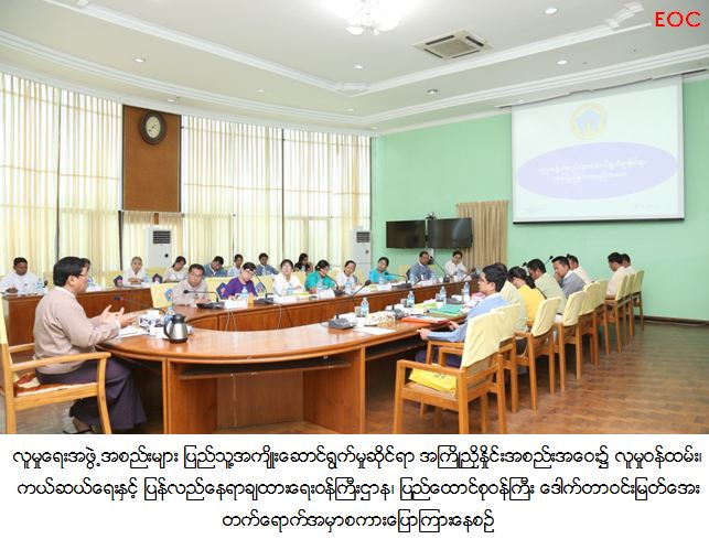 ပြည်သူလူထုအတွက် ထိရောက်ပြီး ရေရှည်အကျိုးဖြစ်ထွန်းစေသည့် ဝန်ဆောင်မှုများဖြစ်စေရေး၊ ပြည်သူ အစိုးရနှင့် အကူအညီပေးရေးဆောင်ရွက်လျက်ရှိသည့် ပြည်သူ့အခြေပြု အဖွဲ့အစည်းများအကြား လုပ်ငန်းစဉ်များ ခိုင်မာအားကောင်းစေရန် စနစ်တစ်ခုတည်ဆောက်နိုင်ရေး လူမှုရေးအဖွဲ့အစည်းများ ပြည်သူ့အကျိုးဆောင်ရွက်မှု ဆိုင်ရာ အကြိုညှိနှိုင်းအစည်းအဝေးကို ယနေ့မွန်းလွဲပိုင်းက လူမှုဝန်ထမ်း၊ ကယ်ဆယ်ရေးနှင့်ပြန်လည်နေရာချ ထားရေးဝန်ကြီးဌာန၊ ဝန်ကြီးရုံးအစည်းအဝေးခန်းမတွင် ကျင်းပပြုလုပ်ရာ ပြည်ထောင်စုဝန်ကြီး ဒေါက်တာ ဝင်းမြတ်အေး တက်ရောက်အမှာစကားပြောကြားပါသည်။ပြည်ထောင်စုဝန်ကြီးက ပြည်သူတို့၏ အလိုဆန္ဒနှင့်အညီ ပြည်သူတို့၏ လိုအပ်ချက်များကို အစိုးရက ဖြည့်ဆည်းဆောင်ရွက်ပေးခြင်းသည် ဒီမိုကရေစီအဆင့်အတန်းကို မြှင့်တင်ပေးခြင်းပင်ဖြစ်ကြောင်း၊ လူမှုရေး လုပ်ငန်းဆောင်ရွက်နေသည့် အဖွဲ့အစည်းများအများအပြားရှိပြီး မိမိတို့၏ဦးတည်ချက်များအလိုက် လုပ်ငန်း စဉ်များကို လုပ်ပုံလုပ်နည်းအမျိုးမျိုးဖြင့် ဆောင်ရွက်ကြရကြောင်း၊ အဖွဲ့အစည်းများအနေဖြင့် ပြည်သူများ အတွက် ရေတို၊ရေရှည်အကျိုးဖြစ်ထွန်းစေသည့် ဝန်ဆောင်မှုများကို မှန်ကန်ထိရောက်စွာ ဆောင်ရွက်ပေးရန် လိုကြောင်း၊ အစိုးရအဖွဲ့သစ်အနေဖြင့် ပြည်သူများလွတ်လပ်လုံခြုံစွာဖွံ့ဖြိုးတိုးတက်ရေးကို ရည်မှန်းချက်ထားရှိ ပြီး ဥပဒေ၊ နည်းဥပဒေများနှင့်အညီ ဆောင်ရွက်လျက်ရှိပါကြောင်း၊ မိမိတို့ ဝန်ကြီးဌာနအနေဖြင့်လည်း လူတိုင်း အခြေခံလူအခွင့်အရေးရရှိရေး၊ ဒီမိုကရေစီစံနှုန်းများနှင့်အညီဖြစ်စေရေး၊ လူ့ဂုဏ်သိက္ခာနှင့်ပြည့်စုံသော လူမှု အသိုက်အဝန်းတစ်ရပ်ပေါ်ထွန်းလာစေရေးတို့ကို မူဝါဒသစ်များချမှတ်ပြီး လူမှုရေးအဖွဲ့အစည်းများ၊ ပြည်သူ များနှင့်အတူပူးပေါင်းဆောင်ရွက်လျက်ရှိပါကြောင်း၊ ထိုသို့ဆောင်ရွက်ရာတွင် စဉ်ဆက်မပြတ်ဖွံ့ဖြိုးမှုပန်းတိုင် (၁၇) ရပ်ကိုလည်း ပြည့်ဝစွာအကောင်အထည်ဖော်ဆောင်ရွက်နိုင်ရန် ထည့်သွင်းဆောင်ရွက်လျက်ရှိပါကြောင်း၊ လုပ်ငန်းများပူးပေါင်းဆောင်ရွက်ရာတွင် ဥပဒေ၊ နည်းဥပဒေများနှင့်အညီဆောင်ရွက်ပြီး စနစ်တကျရှိသော လူမှုအဖွဲ့အစည်းများဖြစ်ပေါ်လာစေရေးအတွက် လုပ်ငန်းနယ်ပယ်အတွေ့အကြုံများအလိုက် ပွင့်ပွင့်လင်းလင်း ဆွေးနွေးပေးကြပါရန် ပြောကြားပါသည်။ဆက်လက်၍ အထွေထွေအုပ်ချုပ်ရေးဦးစီးဌာနက လူမှုရေးအဖွဲ့အစည်းများနှင့်ပတ်သက်၍ တာဝန်ယူ ဆောင်ရွက်နေမှုများအားလည်းကောင်း၊ ပြည်ထောင်စုရွေးကောက်ပွဲကော်မရှင်က နိုင်ငံရေးပါတီများနှင့် ပတ်သက်၍ ဆောင်ရွက်နေမှုနှင့် လူမှုအဖွဲ့အစည်းများဖြင့် ပူးပေါင်းဆောင်ရွက်နေမှု များအားလည်းကောင်း
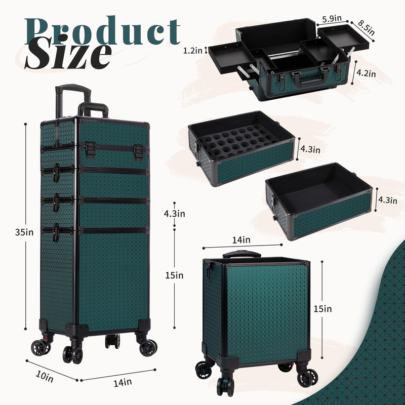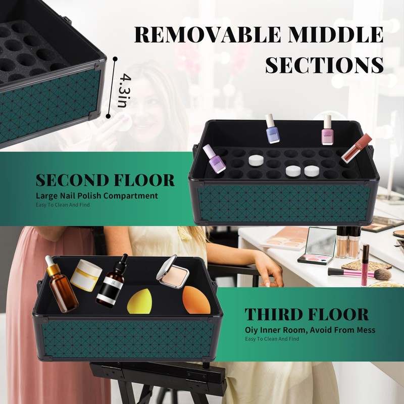 - 【Multi-functional Cosmetic Trolly】4-in-1 makeup case consists of 4 detachable compartments which can be freely combined as your demands. The top compartment can be used as a small makeup carrying case; the middle two drawers can be removed to make this 4-in-1 makeup case into a 3-in-1/2-in-1 case according to your work requirements
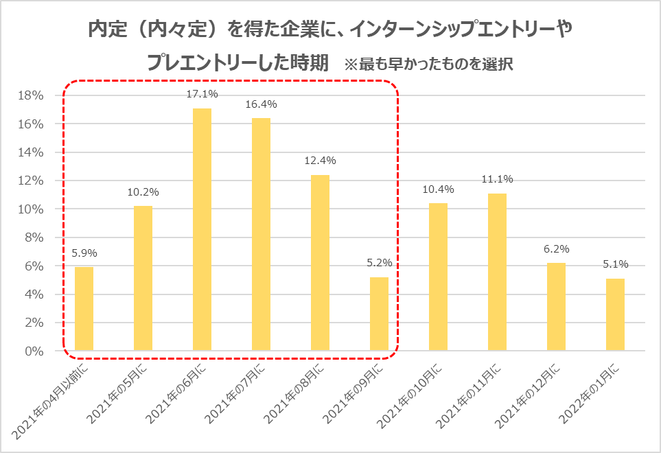 1月時点で内々定を得ている学生の6割以上は「8月まで」に内々定先の企業にエントリー。最終面接を受けた時期は「2021年12月」「2022年1月」が最多。早期化が顕著に/2023年卒対象アンケート
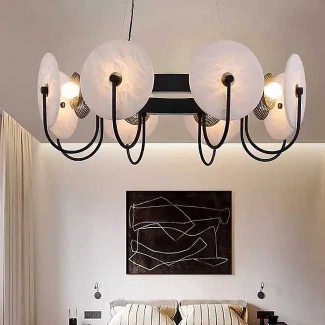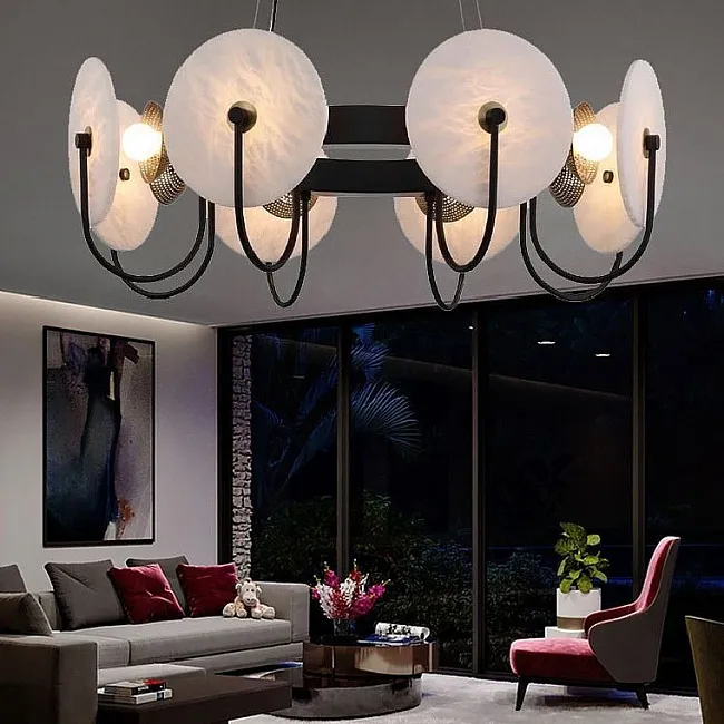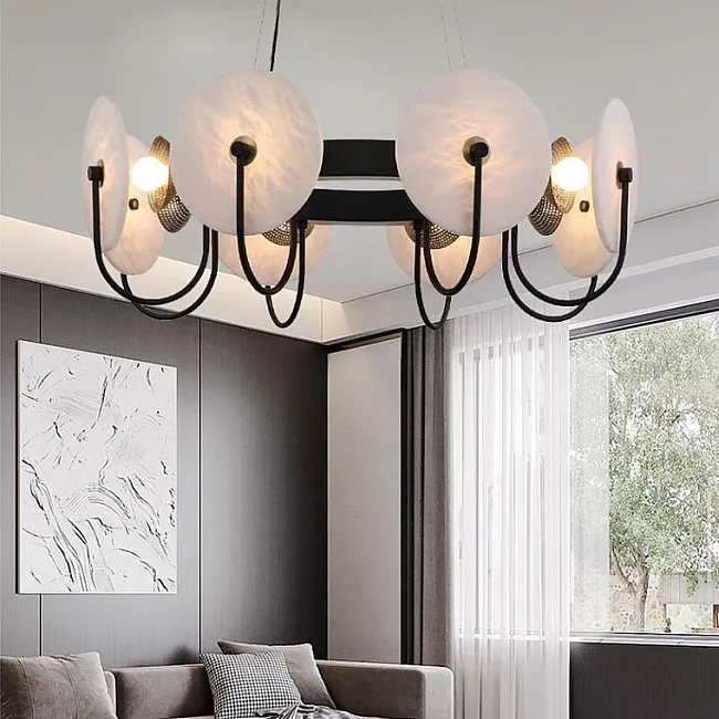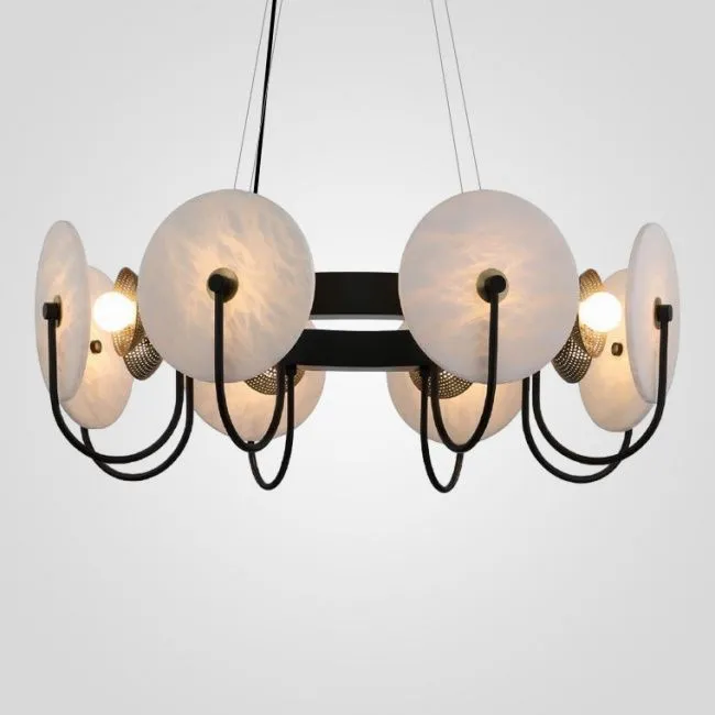 Серия кольцевых люстр на латунном каркасе с декоративными подвесками из испанского алебастра (мрамора) с выраженным природным рисунком
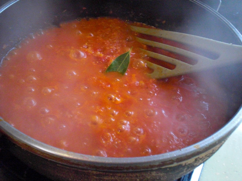 火が通ったらホールトマトを加えます。トマトの塊は潰してしまおう!
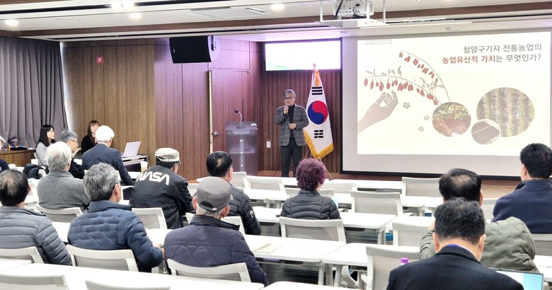 종합토론은 한국농어촌유산학회 오충현 부회장이 좌장을 맡아 진행했다. 청양군 최이호 농촌공동체과장, 한국농어촌공사 박윤호 청양지사장, 한국농어촌유산학회 백승석 이사, 지역계획연구소누리 구진혁 대표, 경북 의성군 이세엽 농업유산팀장 등이 지정토론자로 참여해 현장에 기반한 다양한 의견을 내놨다. 토론에서는 농업유산 기반 콘텐츠 개발, 청년·귀농귀촌 인력과 연계한 전통기술 전승, 지속가능한 경관 관리 모델 구축 등이 주요 과제로 제시됐다.
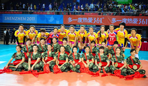 不同于以往的健身操表演,本场比赛的“啦啦队”来自全国公安边防首支腰鼓队——武警边防总医院腰鼓队。赛场上,武警官兵长舒彩带,和着锣鼓节奏尽情演出,赢得了参赛球员和在场观众的阵阵欢呼。
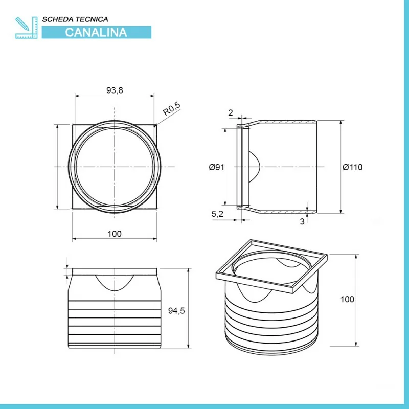 Questo modello è di forma quadrata,misura 10x10 cm ed è composta da un sifone ad incasso di altezza regolabile con un minimo di 56 mm ed una griglia superiore in acciaio inox AISI 304 cromato
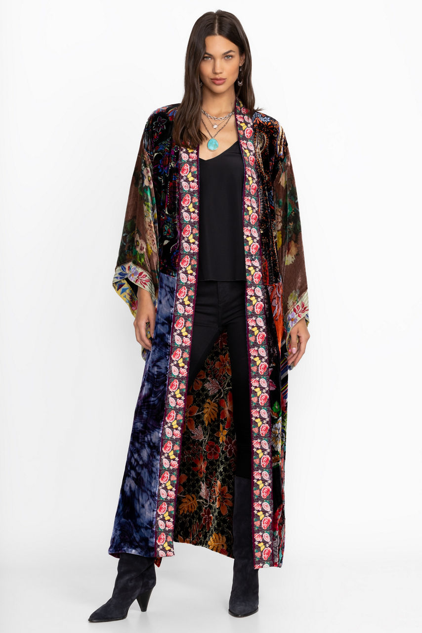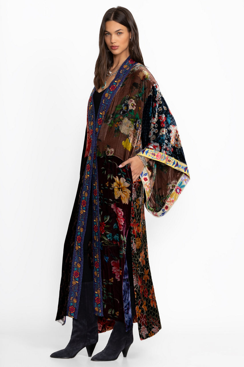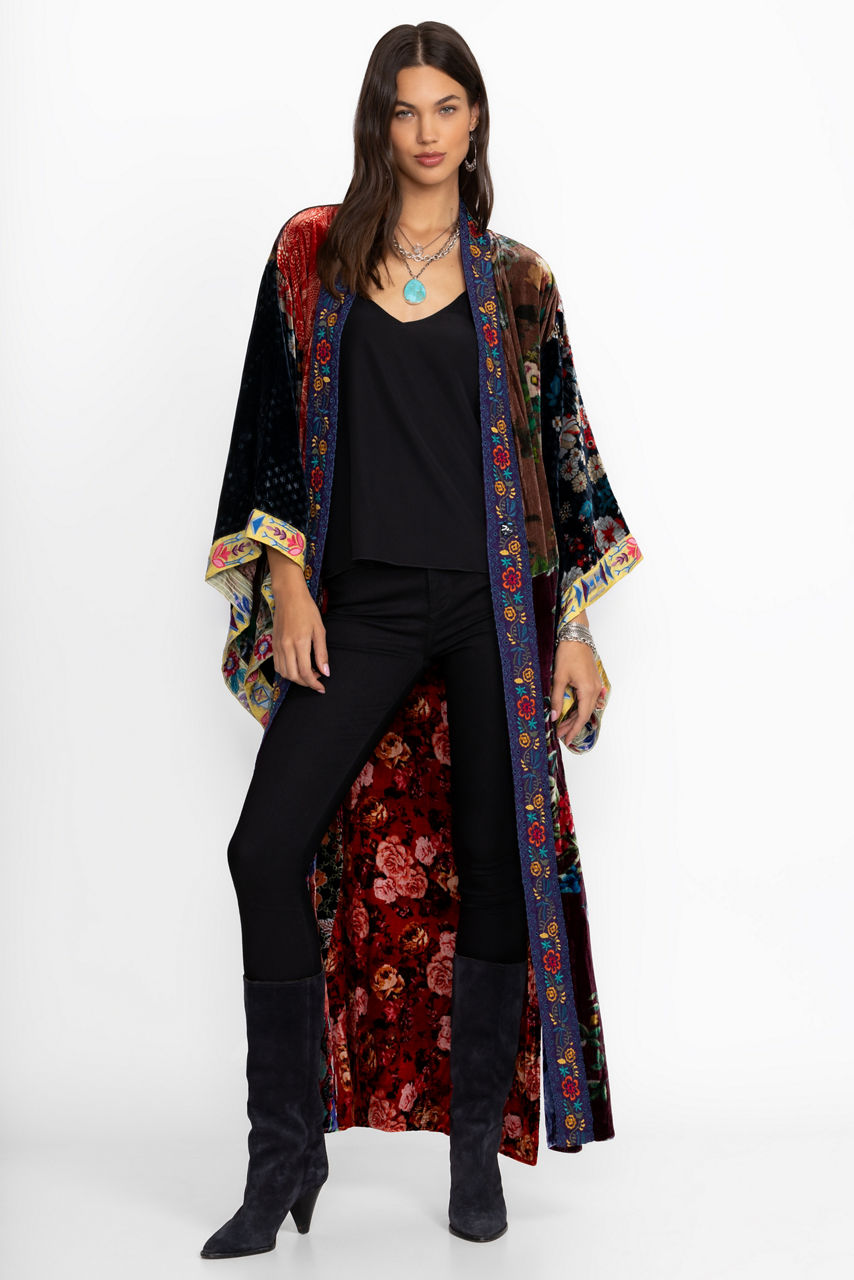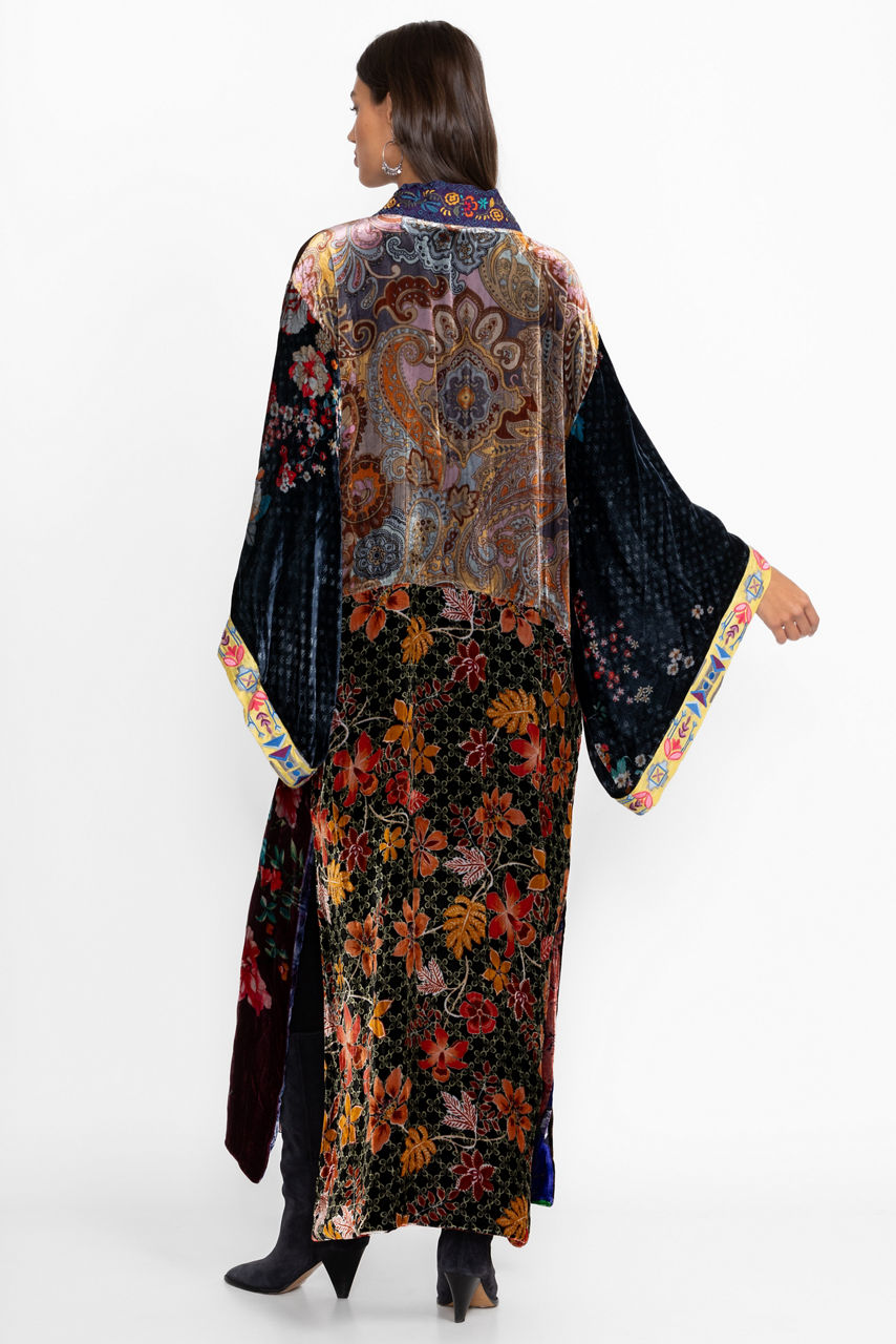 Individually crafted in Los Angeles, the One of a Kind Velvet Kimono is truly unique and no two are alike. Thoughtfully crafted from a plush silk-blend velvet, this full-length kimono is accented with wide sleeves and is finished with a snap-front closure and side vents. Wear over an outfit to add elegance or layer over silky sleepwear and pair with cozy slippers for a truly luxurious evening lounge wear ensemble.

□ □ □ □ □ □ □

Copy out the data verbatim, with no pictures.

» WRITTEN SOLUTION:
 ပြည်သူလူထုအတွက် ထိရောက်ပြီး ရေရှည်အကျိုးဖြစ်ထွန်းစေသည့် ဝန်ဆောင်မှုများဖြစ်စေရေး၊ ပြည်သူ အစိုးရနှင့် အကူအညီပေးရေးဆောင်ရွက်လျက်ရှိသည့် ပြည်သူ့အခြေပြု အဖွဲ့အစည်းများအကြား လုပ်ငန်းစဉ်များ ခိုင်မာအားကောင်းစေရန် စနစ်တစ်ခုတည်ဆောက်နိုင်ရေး လူမှုရေးအဖွဲ့အစည်းများ ပြည်သူ့အကျိုးဆောင်ရွက်မှု ဆိုင်ရာ အကြိုညှိနှိုင်းအစည်းအဝေးကို ယနေ့မွန်းလွဲပိုင်းက လူမှုဝန်ထမ်း၊ ကယ်ဆယ်ရေးနှင့်ပြန်လည်နေရာချ ထားရေးဝန်ကြီးဌာန၊ ဝန်ကြီးရုံးအစည်းအဝေးခန်းမတွင် ကျင်းပပြုလုပ်ရာ ပြည်ထောင်စုဝန်ကြီး ဒေါက်တာ ဝင်းမြတ်အေး တက်ရောက်အမှာစကားပြောကြားပါသည်။ပြည်ထောင်စုဝန်ကြီးက ပြည်သူတို့၏ အလိုဆန္ဒနှင့်အညီ ပြည်သူတို့၏ လိုအပ်ချက်များကို အစိုးရက ဖြည့်ဆည်းဆောင်ရွက်ပေးခြင်းသည် ဒီမိုကရေစီအဆင့်အတန်းကို မြှင့်တင်ပေးခြင်းပင်ဖြစ်ကြောင်း၊ လူမှုရေး လုပ်ငန်းဆောင်ရွက်နေသည့် အဖွဲ့အစည်းများအများအပြားရှိပြီး မိမိတို့၏ဦးတည်ချက်များအလိုက် လုပ်ငန်း စဉ်များကို လုပ်ပုံလုပ်နည်းအမျိုးမျိုးဖြင့် ဆောင်ရွက်ကြရကြောင်း၊ အဖွဲ့အစည်းများအနေဖြင့် ပြည်သူများ အတွက် ရေတို၊ရေရှည်အကျိုးဖြစ်ထွန်းစေသည့် ဝန်ဆောင်မှုများကို မှန်ကန်ထိရောက်စွာ ဆောင်ရွက်ပေးရန် လိုကြောင်း၊ အစိုးရအဖွဲ့သစ်အနေဖြင့် ပြည်သူများလွတ်လပ်လုံခြုံစွာဖွံ့ဖြိုးတိုးတက်ရေးကို ရည်မှန်းချက်ထားရှိ ပြီး ဥပဒေ၊ နည်းဥပဒေများနှင့်အညီ ဆောင်ရွက်လျက်ရှိပါကြောင်း၊ မိမိတို့ ဝန်ကြီးဌာနအနေဖြင့်လည်း လူတိုင်း အခြေခံလူအခွင့်အရေးရရှိရေး၊ ဒီမိုကရေစီစံနှုန်းများနှင့်အညီဖြစ်စေရေး၊ လူ့ဂုဏ်သိက္ခာနှင့်ပြည့်စုံသော လူမှု အသိုက်အဝန်းတစ်ရပ်ပေါ်ထွန်းလာစေရေးတို့ကို မူဝါဒသစ်များချမှတ်ပြီး လူမှုရေးအဖွဲ့အစည်းများ၊ ပြည်သူ များနှင့်အတူပူးပေါင်းဆောင်ရွက်လျက်ရှိပါကြောင်း၊ ထိုသို့ဆောင်ရွက်ရာတွင် စဉ်ဆက်မပြတ်ဖွံ့ဖြိုးမှုပန်းတိုင် (၁၇) ရပ်ကိုလည်း ပြည့်ဝစွာအကောင်အထည်ဖော်ဆောင်ရွက်နိုင်ရန် ထည့်သွင်းဆောင်ရွက်လျက်ရှိပါကြောင်း၊ လုပ်ငန်းများပူးပေါင်းဆောင်ရွက်ရာတွင် ဥပဒေ၊ နည်းဥပဒေများနှင့်အညီဆောင်ရွက်ပြီး စနစ်တကျရှိသော လူမှုအဖွဲ့အစည်းများဖြစ်ပေါ်လာစေရေးအတွက် လုပ်ငန်းနယ်ပယ်အတွေ့အကြုံများအလိုက် ပွင့်ပွင့်လင်းလင်း ဆွေးနွေးပေးကြပါရန် ပြောကြားပါသည်။ဆက်လက်၍ အထွေထွေအုပ်ချုပ်ရေးဦးစီးဌာနက လူမှုရေးအဖွဲ့အစည်းများနှင့်ပတ်သက်၍ တာဝန်ယူ ဆောင်ရွက်နေမှုများအားလည်းကောင်း၊ ပြည်ထောင်စုရွေးကောက်ပွဲကော်မရှင်က နိုင်ငံရေးပါတီများနှင့် ပတ်သက်၍ ဆောင်ရွက်နေမှုနှင့် လူမှုအဖွဲ့အစည်းများဖြင့် ပူးပေါင်းဆောင်ရွက်နေမှု များအားလည်းကောင်း
 - 【Multi-functional Cosmetic Trolly】4-in-1 makeup case consists of 4 detachable compartments which can be freely combined as your demands. The top compartment can be used as a small makeup carrying case; the middle two drawers can be removed to make this 4-in-1 makeup case into a 3-in-1/2-in-1 case according to your work requirements
 1月時点で内々定を得ている学生の6割以上は「8月まで」に内々定先の企業にエントリー。最終面接を受けた時期は「2021年12月」「2022年1月」が最多。早期化が顕著に/2023年卒対象アンケート
 Серия кольцевых люстр на латунном каркасе с декоративными подвесками из испанского алебастра (мрамора) с выраженным природным рисунком
 火が通ったらホールトマトを加えます。トマトの塊は潰してしまおう!
 종합토론은 한국농어촌유산학회 오충현 부회장이 좌장을 맡아 진행했다. 청양군 최이호 농촌공동체과장, 한국농어촌공사 박윤호 청양지사장, 한국농어촌유산학회 백승석 이사, 지역계획연구소누리 구진혁 대표, 경북 의성군 이세엽 농업유산팀장 등이 지정토론자로 참여해 현장에 기반한 다양한 의견을 내놨다. 토론에서는 농업유산 기반 콘텐츠 개발, 청년·귀농귀촌 인력과 연계한 전통기술 전승, 지속가능한 경관 관리 모델 구축 등이 주요 과제로 제시됐다.
 不同于以往的健身操表演,本场比赛的“啦啦队”来自全国公安边防首支腰鼓队——武警边防总医院腰鼓队。赛场上,武警官兵长舒彩带,和着锣鼓节奏尽情演出,赢得了参赛球员和在场观众的阵阵欢呼。
 Questo modello è di forma quadrata,misura 10x10 cm ed è composta da un sifone ad incasso di altezza regolabile con un minimo di 56 mm ed una griglia superiore in acciaio inox AISI 304 cromato
 Individually crafted in Los Angeles, the One of a Kind Velvet Kimono is truly unique and no two are alike. Thoughtfully crafted from a plush silk-blend velvet, this full-length kimono is accented with wide sleeves and is finished with a snap-front closure and side vents. Wear over an outfit to add elegance or layer over silky sleepwear and pair with cozy slippers for a truly luxurious evening lounge wear ensemble.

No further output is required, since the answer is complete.